Cycling in the Sixties
Submitted by Bob Tate
I was a member of the Welwyn Wheelers, I joined in 1958 when I was about 15, and the photo was taken when I was marshalling the Welwyn Wheelers’ Road race. I think I was about 20 at the time and had discovered the pleasures of the early sixties with emerging modern music, clubs, parties, drinking and other stuff. The bags under my eyes and the pallor speak for themselves!
I am looking a bit portly and had given up ‘serious’ cycling by then. The cycling clothes were typical of the day, rolled up jeans or plus 2’s – tweedy trousers than came below the knee with elastic in them, worn with long socks and a couple of jumpers. NO ONE in the club wore shorts or club kit except for racing. Cycling shoes were leather with nailed on shoe plates. Crash hats had not been invented for road cycling and in the winter we wore little black berets – very cool!

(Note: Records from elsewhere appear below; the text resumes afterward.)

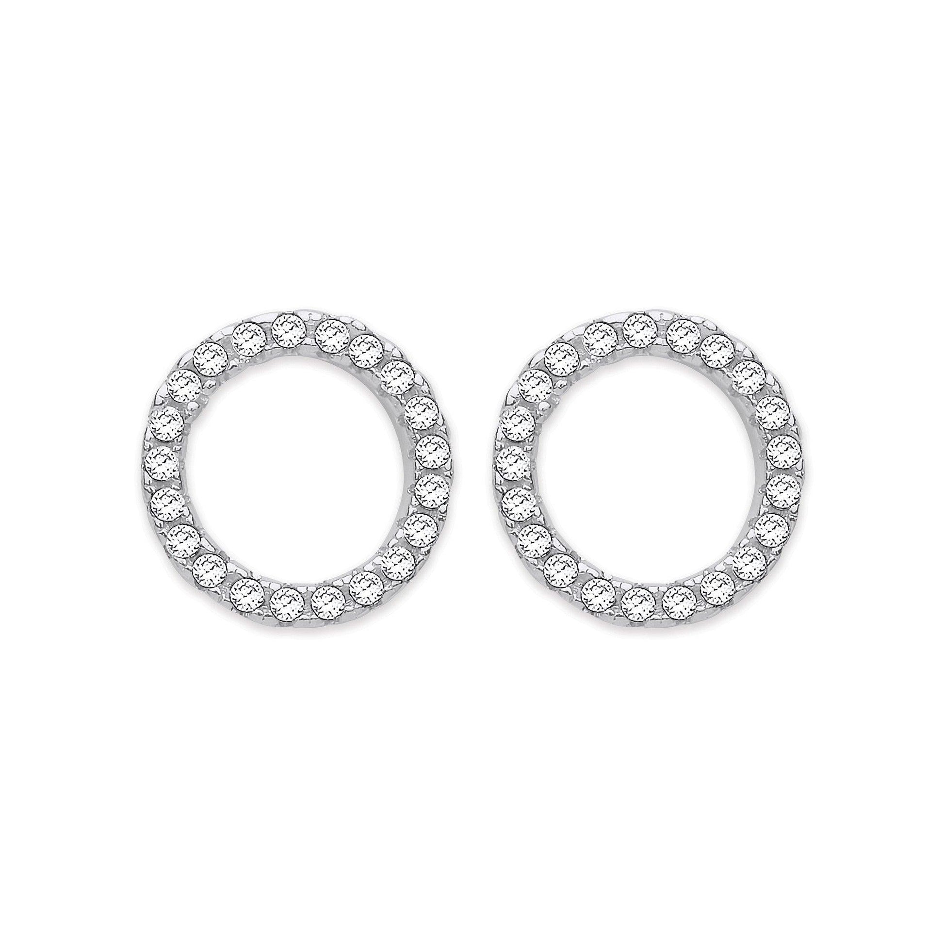 These stunning circle style silver earrings are set with beautiful brilliant cut cubic zirconias.
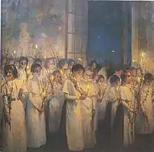 В Таганрозькому художньому музеї зберігаються полотна і Олександра Леонтовського, і Серафими Блонської. Найбільш сильною за враженням є картина Блонської «Дівчата. Вербна неділя», її дипломна праця 1900-го року, яку вона подарувала місту Таганрогу в 1942-му році. На картині змальовані юні дівчата у церкві під час святкової служби. У дівчат в руках гілочки верби, палають свічки, у відчинені двері храму заглядає синє нічне небо. Обличчя дівчат на полотні відповідають обличчям святих на стінних розписах церкви. Світлі чисті відтінки цієї картини створюють у глядачів урочистий святковий настрій.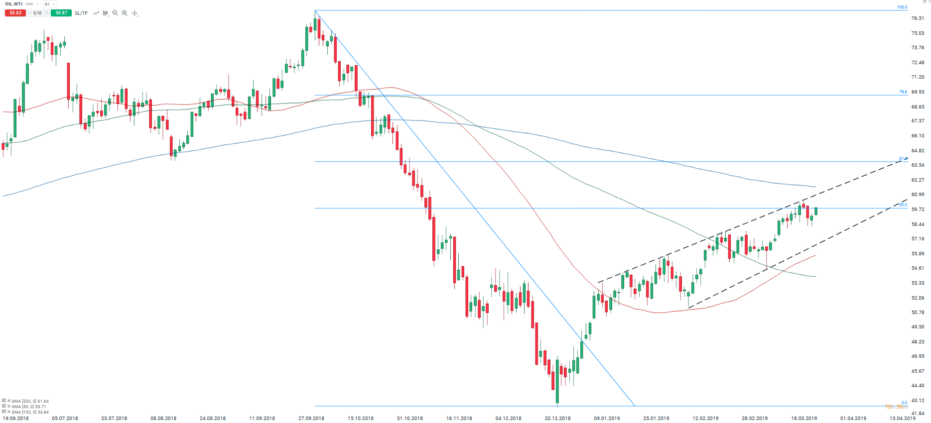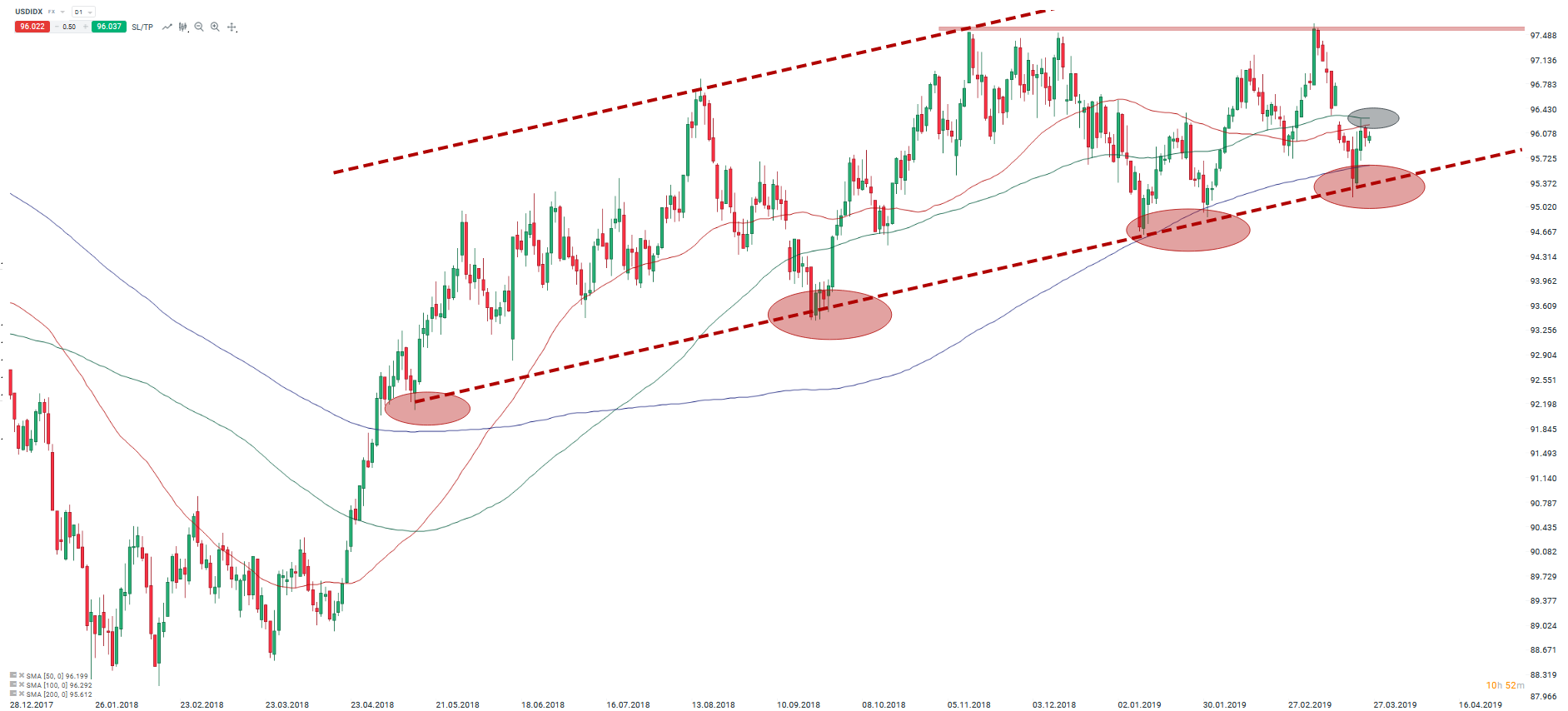 Miniony tydzień był bardzo ciekawy na amerykańskim dolarze, w związku z gołębim posiedzeniem Rezerwy Federalnej. Amerykańscy bankierzy zapowiedzieli brak podwyżek stóp procentowych w 2019 roku oraz zakończenie procesu zacieśniania bilansu, co spowodowało odwrót inwestorów od amerykańskiej waluty. Chwile słabości nie trwały jednak zbyt długo i dolar ponownie zyskał po wzroście awersji do ryzyka, którą obserwowaliśmy po bardzo słabych odczytach PMI ze strefy euro oraz odwróceniu się krzywej rentowności amerykańskich obligacji. W ujęciu technicznym, indeks dolara (USDIDX) ponownie odbija od dolnego ograniczenia kanału wzrostowego, który wcześniej powstrzymywał przed głębszymi spadkami. Warto jednak zauważyć, że szczyty z zeszłego roku zostały wybite tylko nieznacznie i rynek ponownie skierował się w kierunku wzrostowej linii trendu, co może dawać nadzieję niedźwiedziom, że w średnim terminie trend na amerykańskiej walucie ulegnie odwróceniu. Wsparciem bez zmian pozostaje linia trendu wzrostowego wraz ze średnią 200-sesyjną, a jej wyłamaniem głównym sygnałem do potencjalnej zmiany trendu.
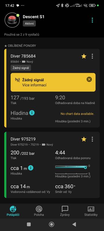 Překvapilo mě, že sondy si vyžádaly při párování aktualizaci firmware. Je třeba nejdřív zaktualizovat aplikaci, pak počítače, a nakonec sondy i bójku. Od každého potápěče stačí spárovat s bójí jen jednu sondu, aby bylo možné komunikovat, i když jich má uživatel několik. Podporovány nejsou modely x30, které patří do nižší cenové kategorie a sondy nepodporují vůbec. Aktuálně jsou podporovány pouze modely Mk3i a x50i. Bóje má svoji wifi, na kterou se připojuje mobilní zařízení. Počítače naopak přidáváte pomocí Bluetooth bóje.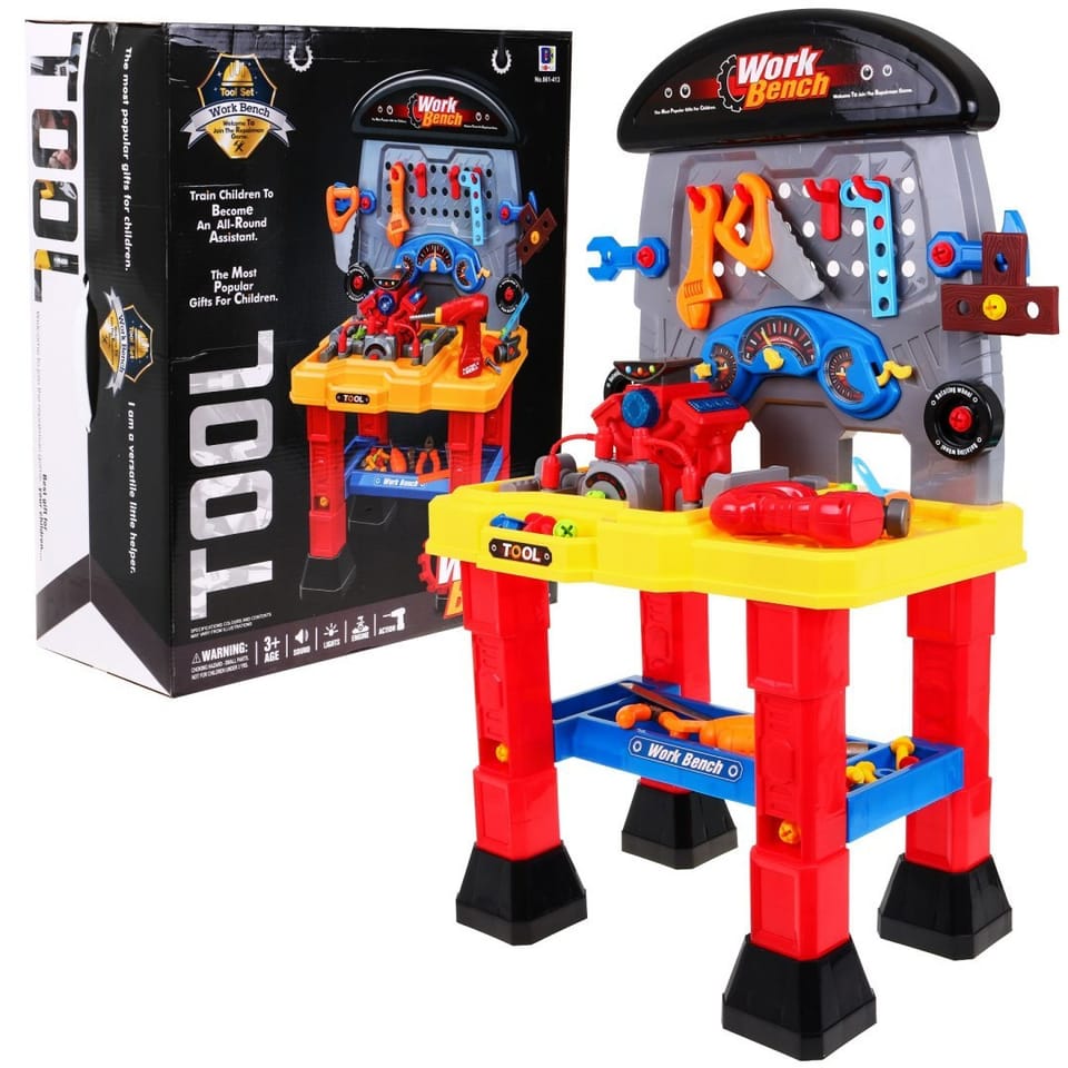 | Wymiary:-warsztat ok. 49 cm x 34,5 cm x 88 cm,- silnik po złożeniu ok. 27 cm x 17 cm x 16 cm- wkrętarka ok. 14 cm x 18 cm- narzędzia ok. 13 cm x 6 cmWymiary opakowaniaok. 52 cm x 43 cm x 19,5 cm. |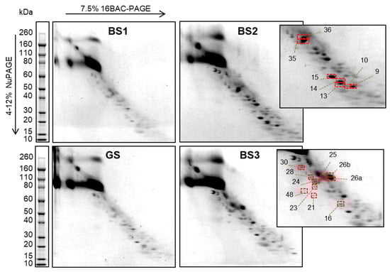 uEV protein profile by two-dimensional (2D) diagonal electrophoresis. Protein separation of uEV from Gitelman Syndrome (GS), Bartter type 1 (BS1), Bartter type 2 (BS2) and Bartter type 3 (BS3) patients by 16-BAC-PAGE/SDS-PAGE and Blue Coomassie staining. In the right panels, the selected spots from BS2 (upper) and BS3 (lower) are highlighted by red rectangles.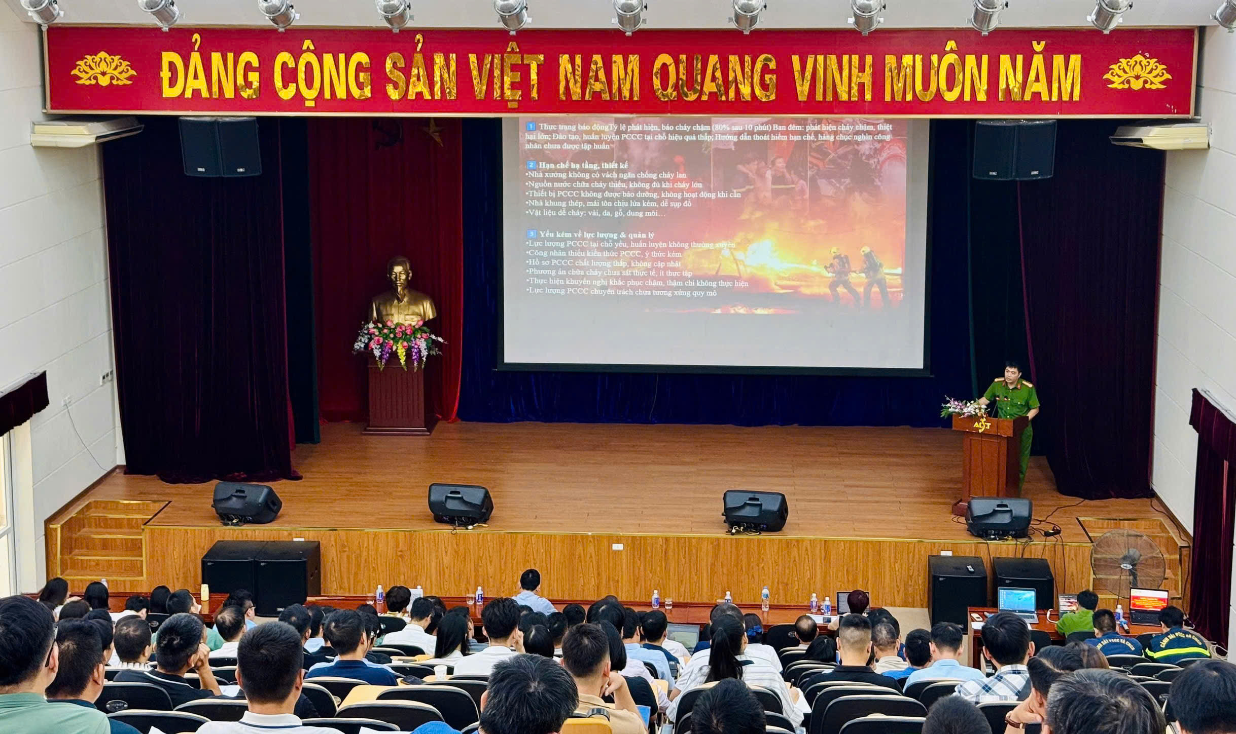 Với bề dày kinh nghiệm thực tiễn, Trung tá Vũ Hoài Nam đã chia sẻ nhiều kiến thức quan trọng, thiết thực trong công tác phòng chống cháy nổ và kỹ năng xử lý tình huống khẩn cấp, cứu người an toàn trong các môi trường rủi ro cao. Nội dung tập huấn tập trung chủ yếu vào các nội dung như :

The Wheelers had some very good riders including a National Sprint Champion, and the boy I joined with (Brendan McKeown) who became National Pursuit Champion and some very good road racers who did not come out with us much.
Club Runs were rather ferocious as I remember with no quarter given, taken or expected and every 30mph sigh and hill top had to be sprinted for. If you got dropped, too bad, and navigation was by road signs.
Destination was chosen on the day and we usually stopped at a cycling café and the better off members (not me as I was at school still) had a cooked lunch. I don’t remember eating on the rides but I can remember being hungry when I got home!
We took turns on the front and changed by the lead pair parting and the rest riding through. Four abreast for a few seconds but it worked well. Strong pairs did long pulls and the weaker ones shorter. I don’t remember a single crash on a club run.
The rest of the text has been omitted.